Das hört sich nach schwierigen Verhandlungen an.

Willkomm: In vielen Bereichen gibt es aktuell Engpässe in der Warenversorgung - auch bei den Grundnahrungsmitteln. Ein befreundeter Reis-Produzent aus Italien hat sein Lager voller Reis, findet aber keine Folie zum Verpacken. Alternativen zu finden ist schwer, denn Papier und Aluminium gibt es derzeit auch nicht. Das Problem ist: Es geht allen so. Früher hatte man die Chance, zu verschiedenen Lieferanten zu gehen. Aber aktuell gibt es gar keinen Wettbewerb mehr.

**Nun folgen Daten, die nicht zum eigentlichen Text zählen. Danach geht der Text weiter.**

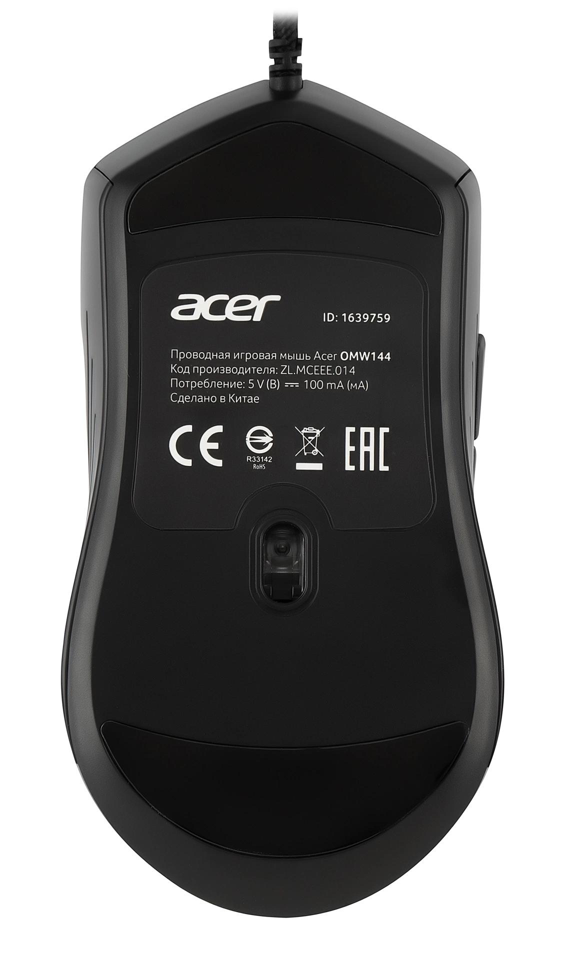 Мышь Acer OMW144 черный оптическая (3200dpi) USB (7but)

Die Verknappung der Rohstoffe hat Preissteigerungen zur Folge. Haben Sie die höheren Preise an die Kunden weitergegeben?

Willkomm: Es ist eine ständige Verhandlung und es sind immer individuelle Gespräche erforderlich. Alle wissen, dass Energiekosten und Verpackungsmaterial um 30 Prozent gestiegen sind. Entsprechend müssten auch wir unsere Preise pro Flasche um einige Cent anheben. Bei teureren Weinen fallen fünf Cent nicht ins Gewicht, aber bei eng kalkulierten Flaschen, die für 1,99 oder 2,49 Euro verkauft werden, zählt jeder Cent. Im Vergleich zu anderen Produkten, sind die höheren Preise noch am wenigsten bei Wein durchgeschlagen.

Das heißt, Ihre Marge wird in diesem Jahr geringer ausfallen?

Willkomm: Ja, absolut.

Wie sieht’s bei den Fassweinpreisen aus?

Willkomm: Durch die kleinen Ernten sind die Preise im Herbst massiv gestiegen. Wir sind dem Handel gegenüber immer transparent und die Fassweinpreise sind öffentlich. Das wird bei den Jahresgesprächen berücksichtigt. Es ist für den Handel immer gut, wenn der Lieferant eine kreative Lösung hat. Daher bemühen wir uns, der aktuellen Situation mit Flexibilität zu begegnen und den Handelspartnern innovative Lösungsansätze anzubieten.

So extrem wie in diesem Jahr war es aber noch nie. Oder?

Willkomm: Ich arbeite seit 50 Jahren in der Weinbranche. So etwas habe ich wirklich noch nie erlebt.

Verzeichnen Sie seit Beginn des Ukraine-Krieges weitere Probleme?

Willkomm: Sicher, denn vor allem aus der Region Donezk kommen wichtige Rohstoffe wie das Aluminiumerz Bauxit und auch Kalk, die in der Landwirtschaft sowie auch für die Herstellung von Blech und Legierungen verwendet werden. Auch aus Russland bezieht die europäische Wirtschaft viele Rohstoffe. Mittelständische Unternehmen, die im Vergleich zu großen Konzernen viel weniger flexibel sind, haben das Nachsehen.